With the backing of Putin and the country’s four major political
parties, Medvedev is standing on the Kremlin’s doormat. The four
parties’ seats cover about 75 percent of Russia’s parliament. With such
strong support, Medvedev has an 80 percent to 90 percent chance of
winning the presidency, Shi said. Wang Lijiu, a researcher with the
Institute of Russian Studies at the China Institutes of Contemporary
International Relations (CICIR), said that as first deputy prime
minister, Medvedev has made great achievements in improving people’s
living conditions while he has been in charge of the economy and social
development affairs covering public health, education, housing and
agriculture during the past years.
“He received high public praise from the people,” Wang said. Putin’s
political opponents previously had supported other candidates, such as
Sergei Ivanov, also the First Deputy Prime Minister of Russia, and
Russian Prime Minister Viktor Zubkov. But support for them died down for
several reasons after Putin decided to back Medvedev, Wang said.

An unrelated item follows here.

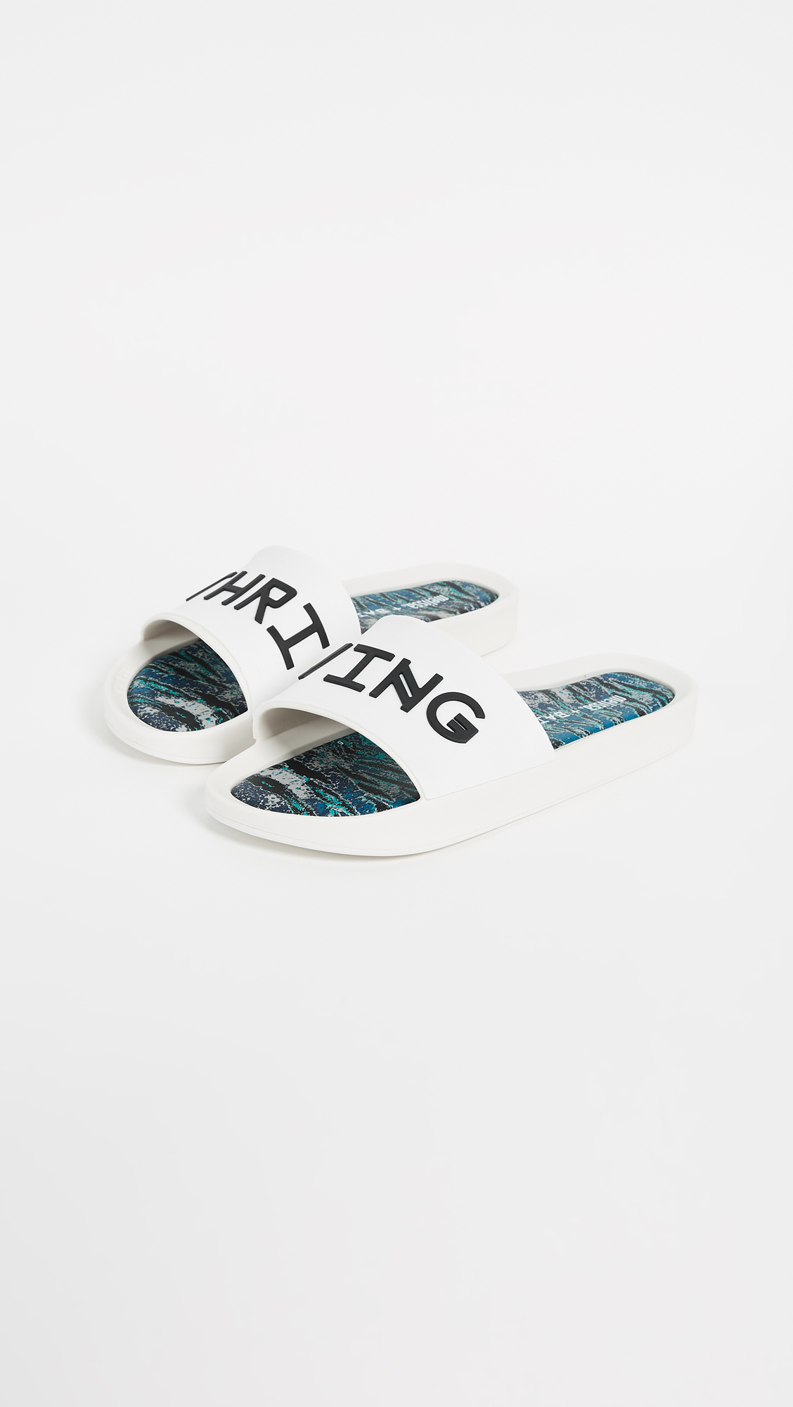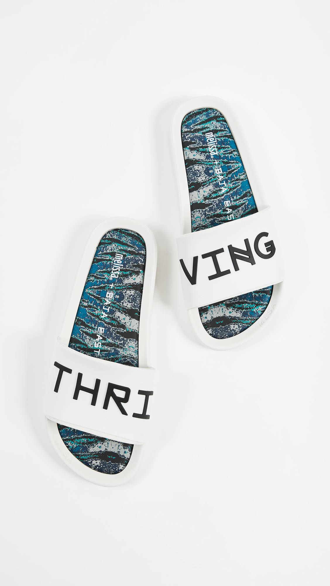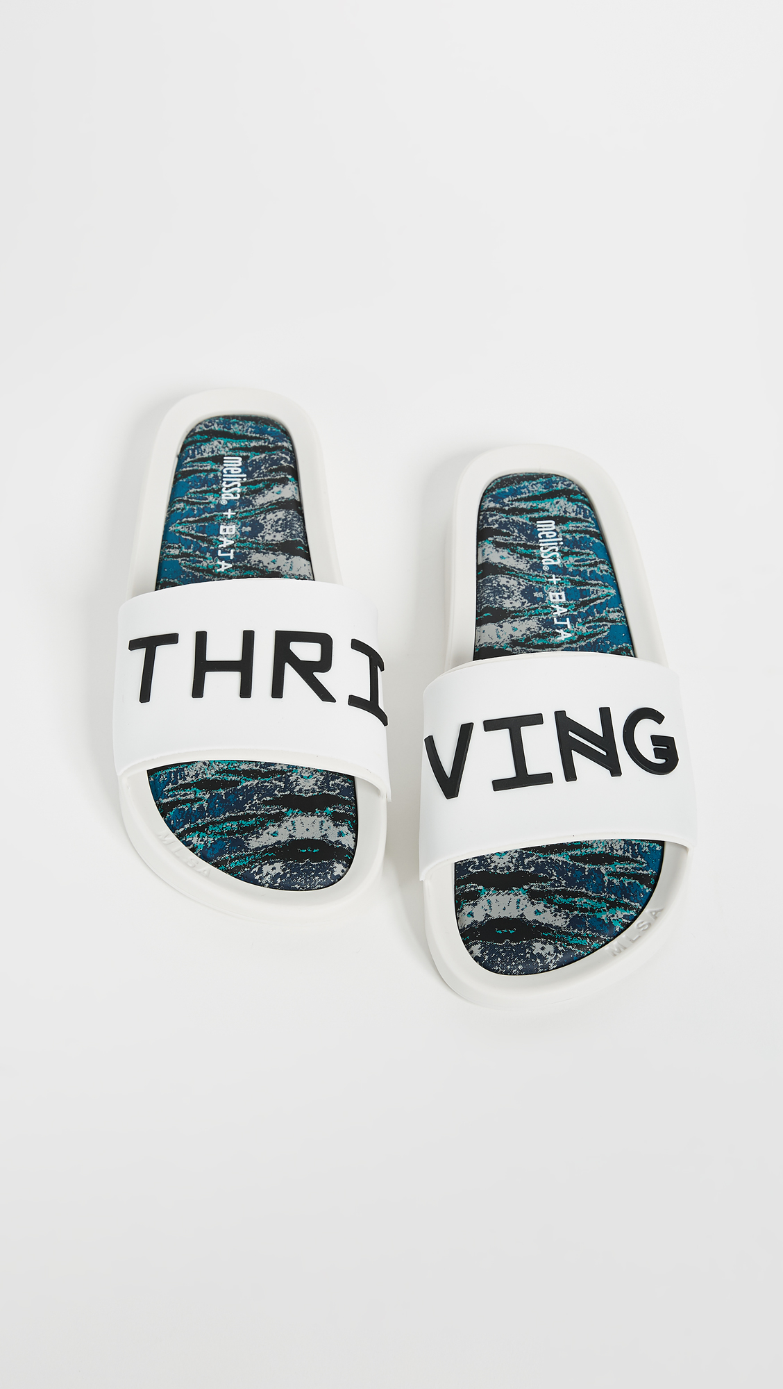 Fabric: Rubber Multicolor, abstract print at cushioned footbeds ''THRIVING'' script when worn together Bubblegum scent Slide sandals Flat profile Open toe Rubber sole Imported, Brazil This item cannot be gift-boxed Style #MELIS20327

First, Medvedev, an energetic 42-year-old, is younger than the other two
candidates who are in their 50s and 60s. “The age advantage is very
convincing to the voters, because they need a strong leader who can
implement continuous policies,” Wang said. Second, Medvedev has a close
relationship with Putin after working with him for 17 years. Putin has
fully acknowledged Medvedev’s outstanding ability and insight as a
leader.
“If leaders have privity between them, their cooperation will be
better,” Wang said. He added that their relations become even more
important given that the Russian Constitution will not be amended to
enlarge the prime minister’s powers. Third, Medvedev, who used to be a
law professor, will push for the additional legislative reforms that are
necessary for the country now that it has recovered its economic
strength. These will enable the country to peacefully get through the
transition between Putin and the next president.
Fourth, Medvedev has been first deputy prime minister since 2005. He is
very experienced in dealing with all kinds of affairs on a comprehensive
level, which is a key requirement for presidents. He also has maintained
good relations with top officials in various government ministries.
Medvedev also has shown himself to be capable of mediating conflicts and
maintaining good connections among government ministries. Fifth,
Medvedev is a “liberalist” with no military or security background. He
would easily be accepted by different political parties in Russia, as
well as by other Western countries, Wang said.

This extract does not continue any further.